- [Data for this task]:

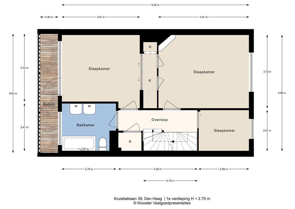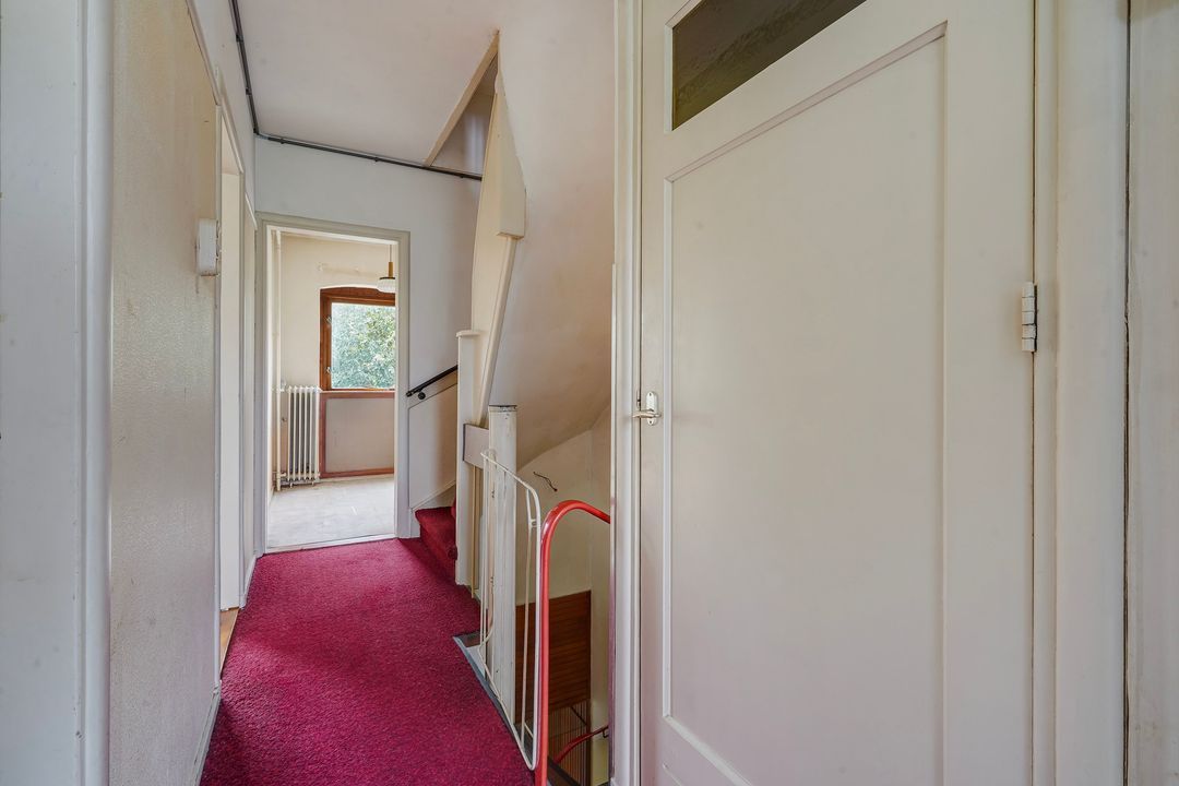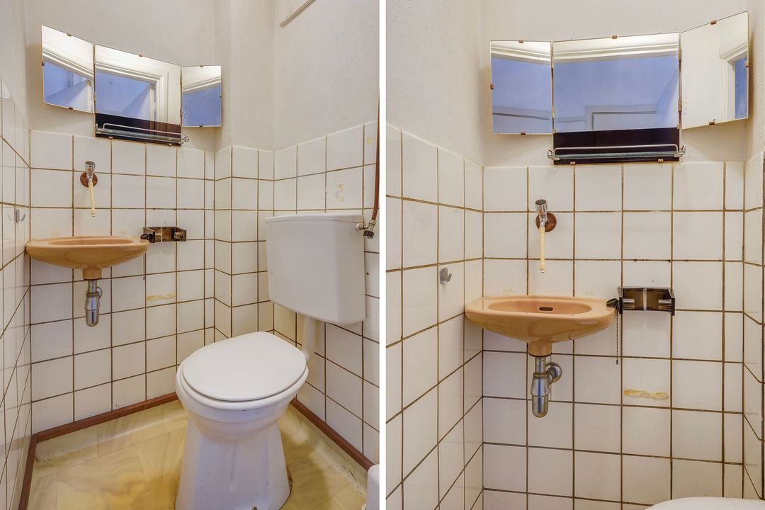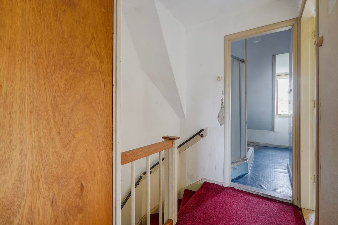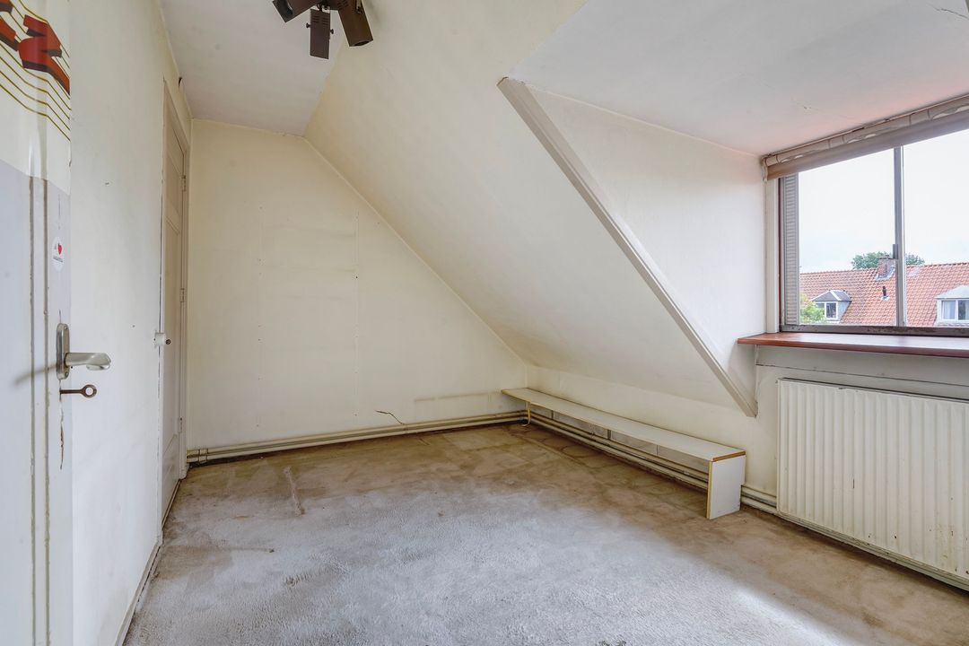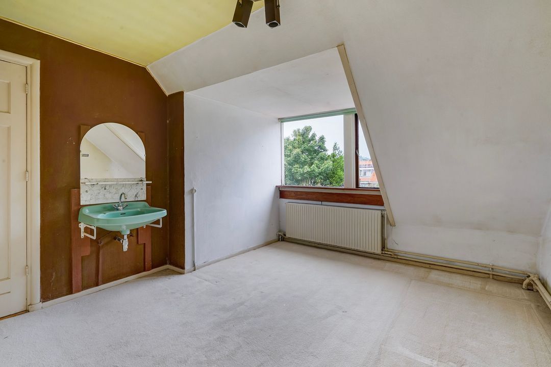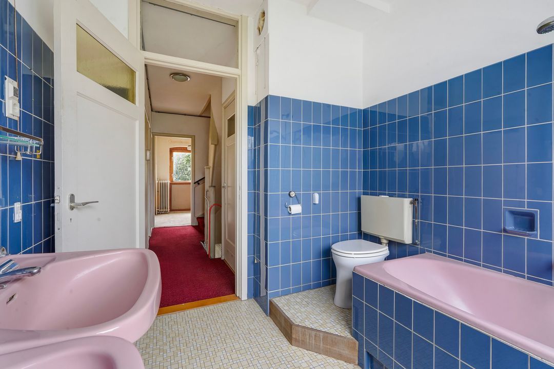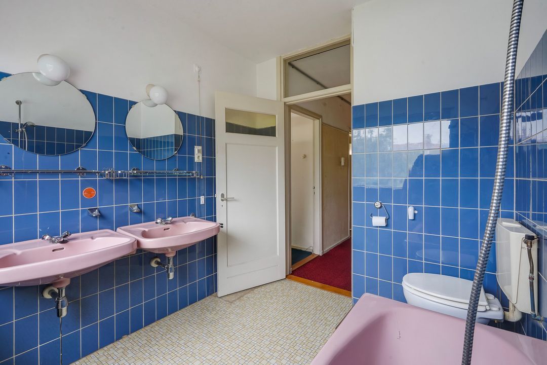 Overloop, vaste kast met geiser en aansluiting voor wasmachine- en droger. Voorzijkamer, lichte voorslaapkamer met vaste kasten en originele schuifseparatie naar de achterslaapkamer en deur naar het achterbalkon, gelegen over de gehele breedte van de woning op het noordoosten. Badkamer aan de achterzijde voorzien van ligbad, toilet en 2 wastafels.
---
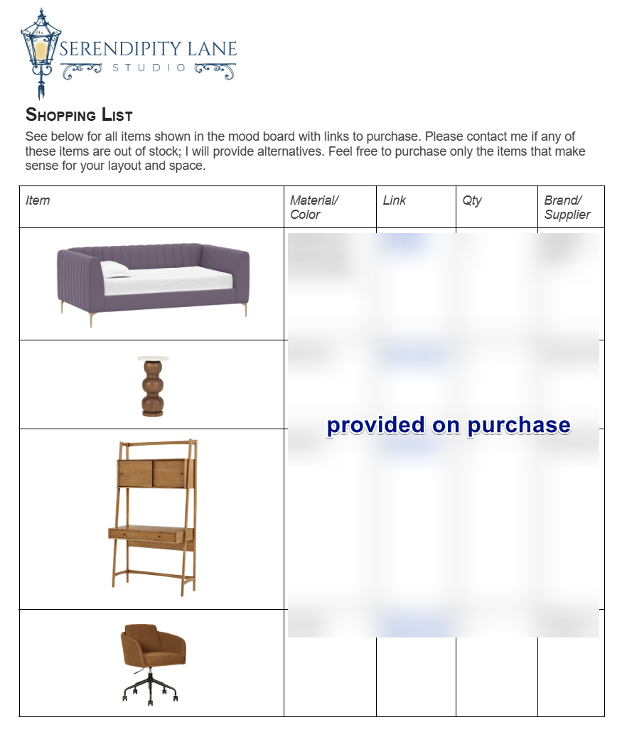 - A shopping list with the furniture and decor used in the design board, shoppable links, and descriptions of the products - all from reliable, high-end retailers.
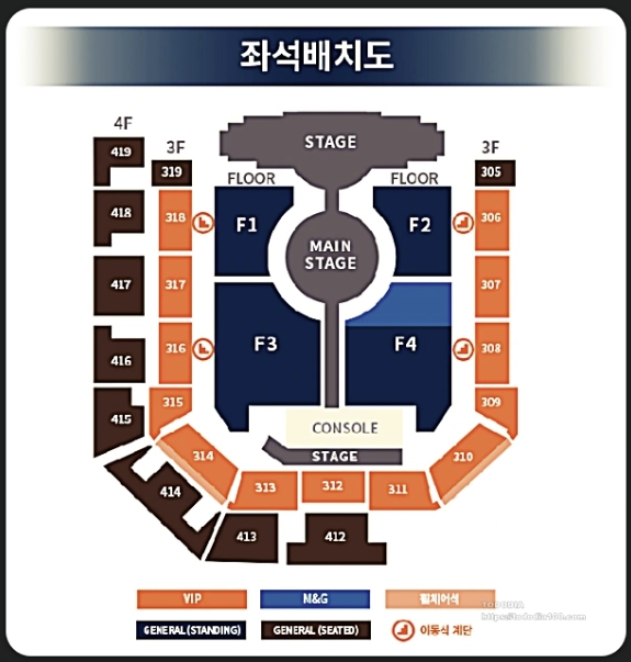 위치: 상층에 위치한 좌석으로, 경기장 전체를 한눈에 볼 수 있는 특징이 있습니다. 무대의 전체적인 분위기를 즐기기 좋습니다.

- [What is needed]: The reply should hold the entries above from the line with "- A shopping" to the line with "위치: 상층에 위치한", duplicated exactly, pictures excluded.

- [Solution below]:
 - A shopping list with the furniture and decor used in the design board, shoppable links, and descriptions of the products - all from reliable, high-end retailers.
 위치: 상층에 위치한 좌석으로, 경기장 전체를 한눈에 볼 수 있는 특징이 있습니다. 무대의 전체적인 분위기를 즐기기 좋습니다.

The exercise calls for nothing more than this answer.